→ GIVEN MATERIAL:
..........

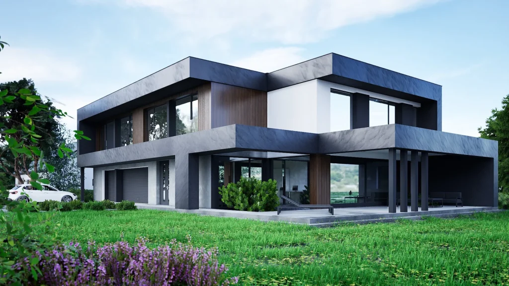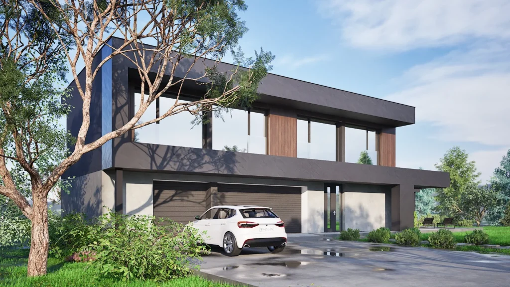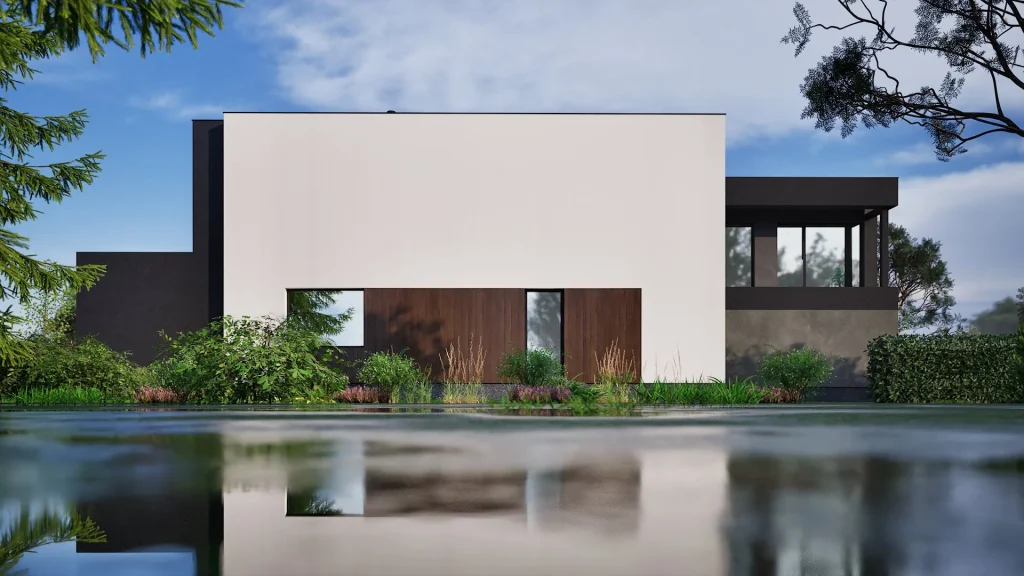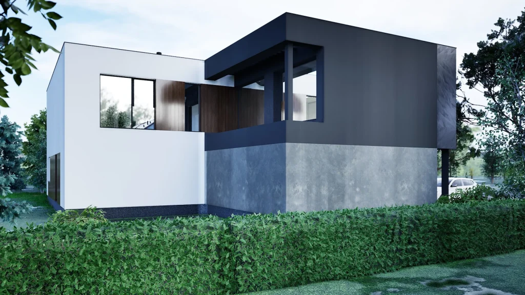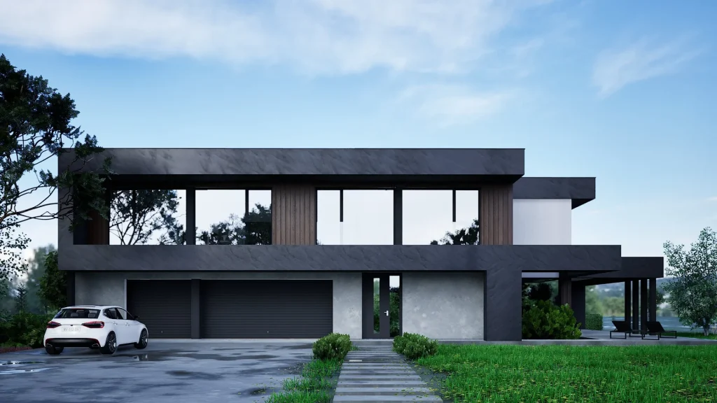 Das Design des Hauses stellt ein modernes, geräumiges Gebäude mit einfachen und eleganten Formen dar, das perfekt auf die Bedürfnisse moderner Familien zugeschnitten ist. Der zweistöckige Grundriss bietet weitläufige Innenräume mit großen Verglasungen, die für natürliches Licht und direkten Kontakt mit der Umgebung sorgen. Das Haus zeichnet sich durch einen minimalistischen, geometrischen Körper aus, in dem einfache Linien und eine Kombination aus dunklen und hellen Fassadenelementen dominieren. Die Verwendung moderner Materialien wie Strukturputz und Fassadenplatten verleiht dem Projekt einen einzigartigen Charakter und ein modernes Aussehen.
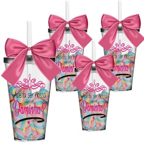 Os Copos Convite são uma forma linda e deliciosa de convidar ou agradecer os pequenos por participarem de uma data tão única. Com capacidade de 550 ml, você tem a opção de encher os copos com todo tipo de doce e assim encantar as futuras Daminhas. O sim delas será GARANTIDO 4 Copos Convite com Tampa e Canudo Transparentes com 4 Laços em Cetim Rosa. Capacidade: 550 ml Material Copo: Acrílico Poliestireno Resistente Laço: Cetim Cor do Copo: Transparente Tampa e Canudo: Transparente Personalização: Transfer Aplicação Direto no Produto Quantidade: 4 Peças
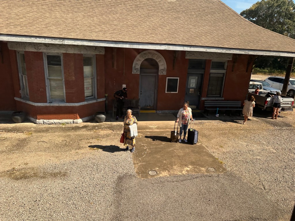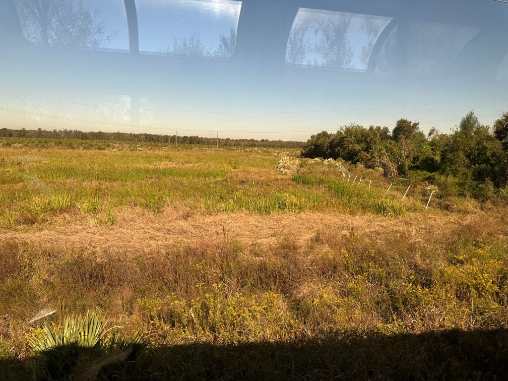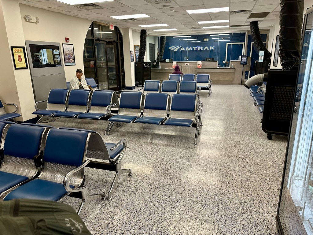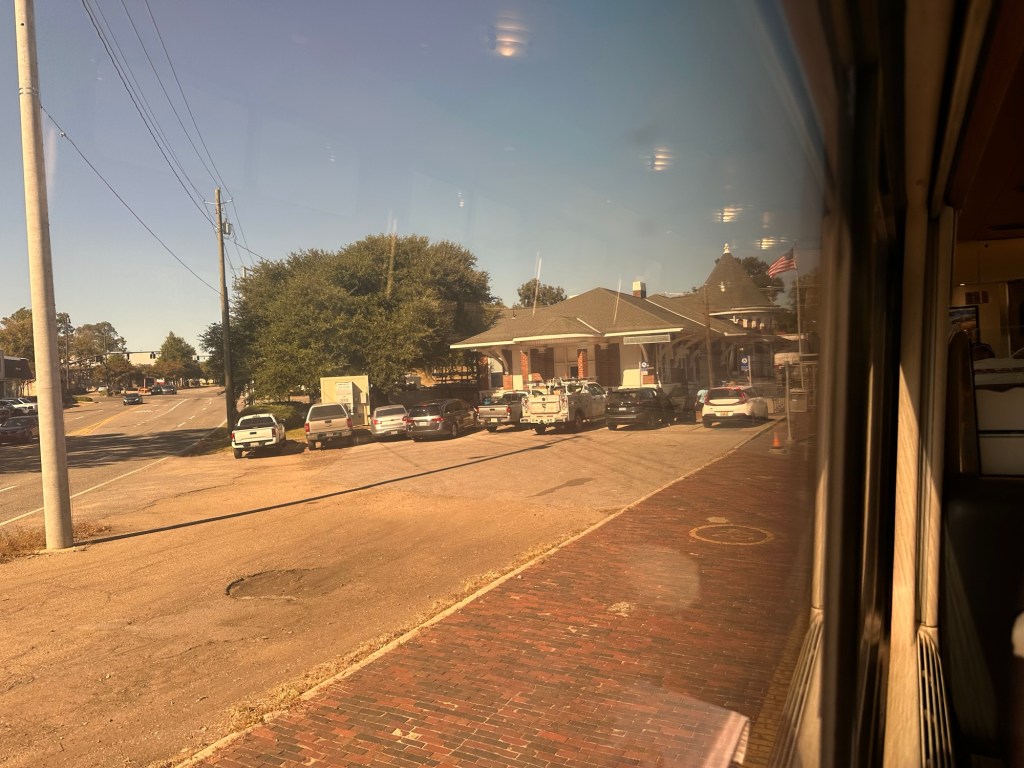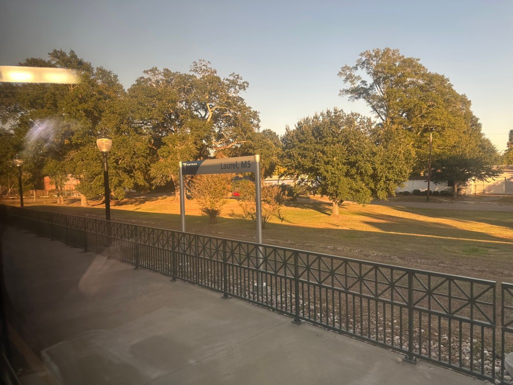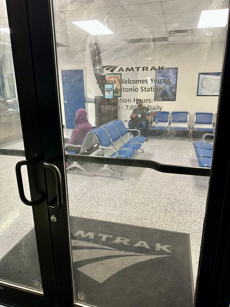 The Mississippi River delta was interesting with its almost swamp land. Someone said they did see an alligator. I might have seen one swimming but unsure. Arrived Houston on time and sat for an haour and half waiting for the built in fudge factor not necessary this trip. Went into the Houston station and the worst station yet. Apparently “they” tore down the beautiful union station in the 1970s, with the intention of building a better one but they forgot that part, and now have a bus terminal. We arrive San Antonio at midnight, apparently to a similar station, although they do have a very nice ornate train station to be rented out, but not for train use.
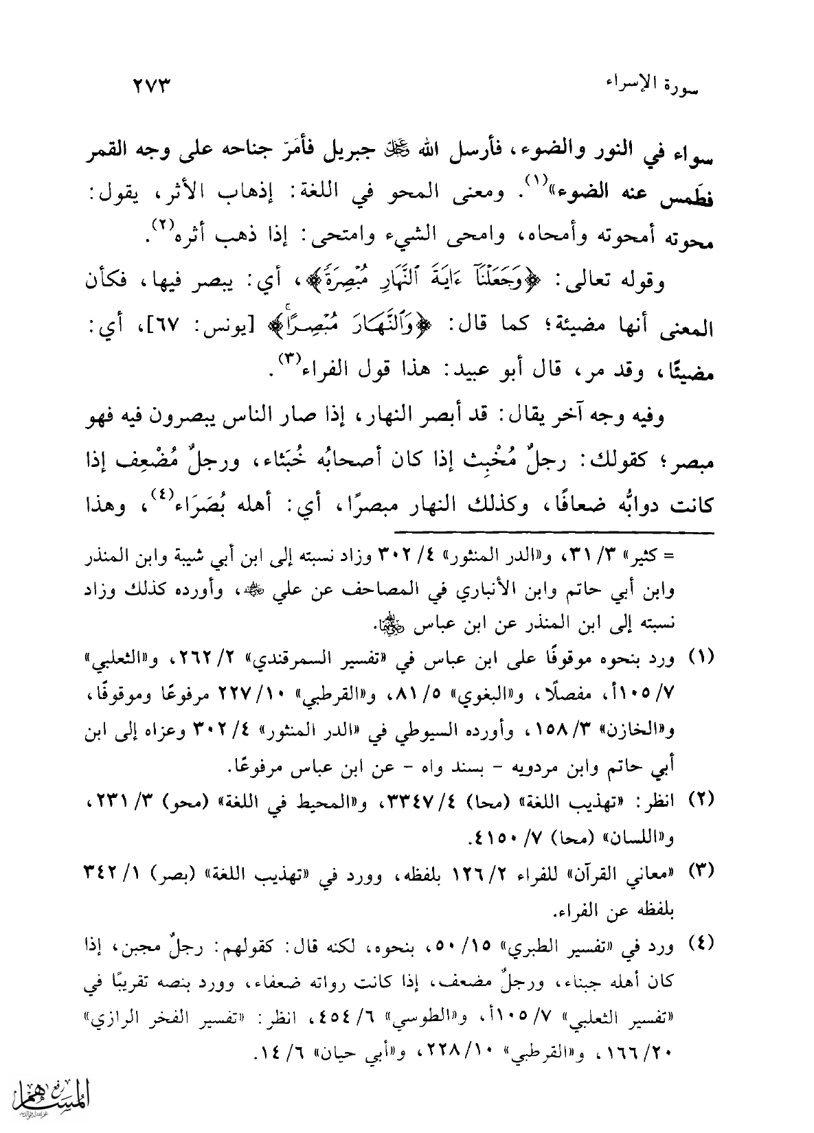 سواء في النور والضوء، فأرسل الله -عز وجل- جبريل فأمَرّ جناحه على وجه القمر فطَمس عنه الضوء" (¬1). ومعنى المحو في اللغة: إذهاب الأثر، يقول: محوته أمحوته وأمحاه، وامحى الشيء وامتحى: إذا ذهب أثره (¬2).

..........

→ TRY IT:
Since the pictures are not wanted, transcribe the rest of the listing above exactly.

→ OUTPUT:
 Das Design des Hauses stellt ein modernes, geräumiges Gebäude mit einfachen und eleganten Formen dar, das perfekt auf die Bedürfnisse moderner Familien zugeschnitten ist. Der zweistöckige Grundriss bietet weitläufige Innenräume mit großen Verglasungen, die für natürliches Licht und direkten Kontakt mit der Umgebung sorgen. Das Haus zeichnet sich durch einen minimalistischen, geometrischen Körper aus, in dem einfache Linien und eine Kombination aus dunklen und hellen Fassadenelementen dominieren. Die Verwendung moderner Materialien wie Strukturputz und Fassadenplatten verleiht dem Projekt einen einzigartigen Charakter und ein modernes Aussehen.
 Os Copos Convite são uma forma linda e deliciosa de convidar ou agradecer os pequenos por participarem de uma data tão única. Com capacidade de 550 ml, você tem a opção de encher os copos com todo tipo de doce e assim encantar as futuras Daminhas. O sim delas será GARANTIDO 4 Copos Convite com Tampa e Canudo Transparentes com 4 Laços em Cetim Rosa. Capacidade: 550 ml Material Copo: Acrílico Poliestireno Resistente Laço: Cetim Cor do Copo: Transparente Tampa e Canudo: Transparente Personalização: Transfer Aplicação Direto no Produto Quantidade: 4 Peças
 The Mississippi River delta was interesting with its almost swamp land. Someone said they did see an alligator. I might have seen one swimming but unsure. Arrived Houston on time and sat for an haour and half waiting for the built in fudge factor not necessary this trip. Went into the Houston station and the worst station yet. Apparently “they” tore down the beautiful union station in the 1970s, with the intention of building a better one but they forgot that part, and now have a bus terminal. We arrive San Antonio at midnight, apparently to a similar station, although they do have a very nice ornate train station to be rented out, but not for train use.
 سواء في النور والضوء، فأرسل الله -عز وجل- جبريل فأمَرّ جناحه على وجه القمر فطَمس عنه الضوء" (¬1). ومعنى المحو في اللغة: إذهاب الأثر، يقول: محوته أمحوته وأمحاه، وامحى الشيء وامتحى: إذا ذهب أثره (¬2).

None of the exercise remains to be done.